> **Activity**
Exactly as they appear, retype the lines from the one containing "The network of" through the final line of the data below. Leave pictures out.

> **Information**
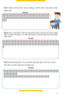 Bài 7. Năm nay bố 42 tuổi. Tuổi con bằng tuổi bố. Hỏi 2 năm nữa con bao nhiêu tuổi? Bài giải
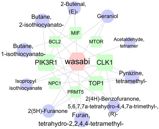 The network of compound–target protein interaction. Note: Circles represent wasabi compounds, squares represent targets, and hexagons represent wasabi. Nodes are connected by lines, with shorter distances indicating closer interaction relationships.
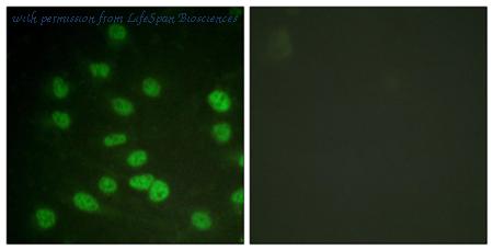 Immunofluorescence analysis of HUVEC cells treated with serum 20% 30', using DDX3/DEAD-box Protein 3 (Phospho-Thr322) Antibody. The picture on the right is blocked with the phospho peptide.
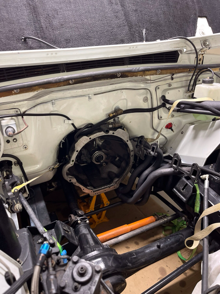 Then fitted it into white truck got four bell housing bolts in so its secure. Will fit engine mounts once all bell housing bolts are in.
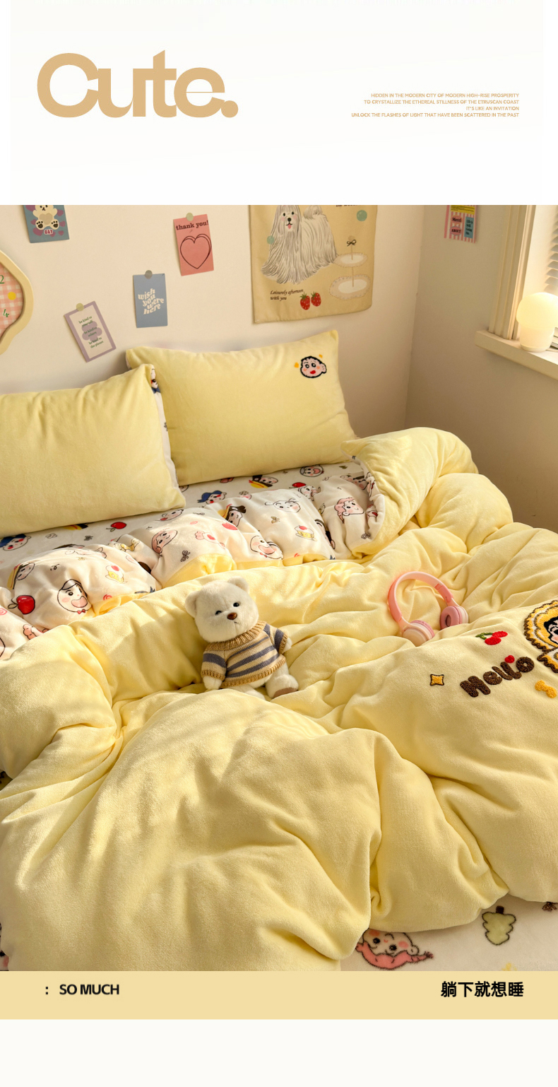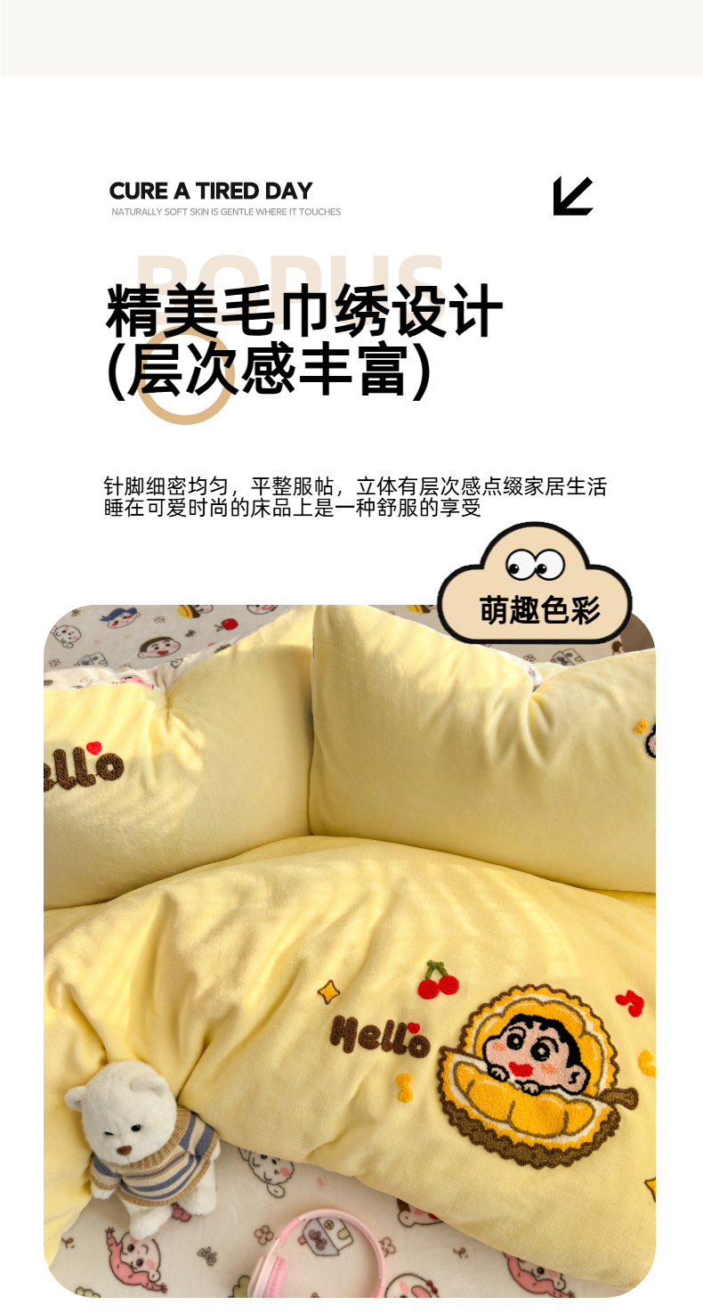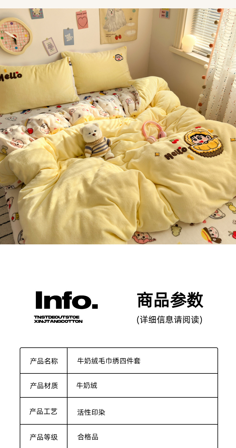 当前位置: 91家纺网 > 商品网购 > 床品套件 > 四件套 > 牛奶绒四件套 > 三元色 2025新款牛奶绒绣花毛巾绣四件套 牛奶绒榴莲小新

> **Result of this exercise**
 The network of compound–target protein interaction. Note: Circles represent wasabi compounds, squares represent targets, and hexagons represent wasabi. Nodes are connected by lines, with shorter distances indicating closer interaction relationships.
 Immunofluorescence analysis of HUVEC cells treated with serum 20% 30', using DDX3/DEAD-box Protein 3 (Phospho-Thr322) Antibody. The picture on the right is blocked with the phospho peptide.
 Then fitted it into white truck got four bell housing bolts in so its secure. Will fit engine mounts once all bell housing bolts are in.
 当前位置: 91家纺网 > 商品网购 > 床品套件 > 四件套 > 牛奶绒四件套 > 三元色 2025新款牛奶绒绣花毛巾绣四件套 牛奶绒榴莲小新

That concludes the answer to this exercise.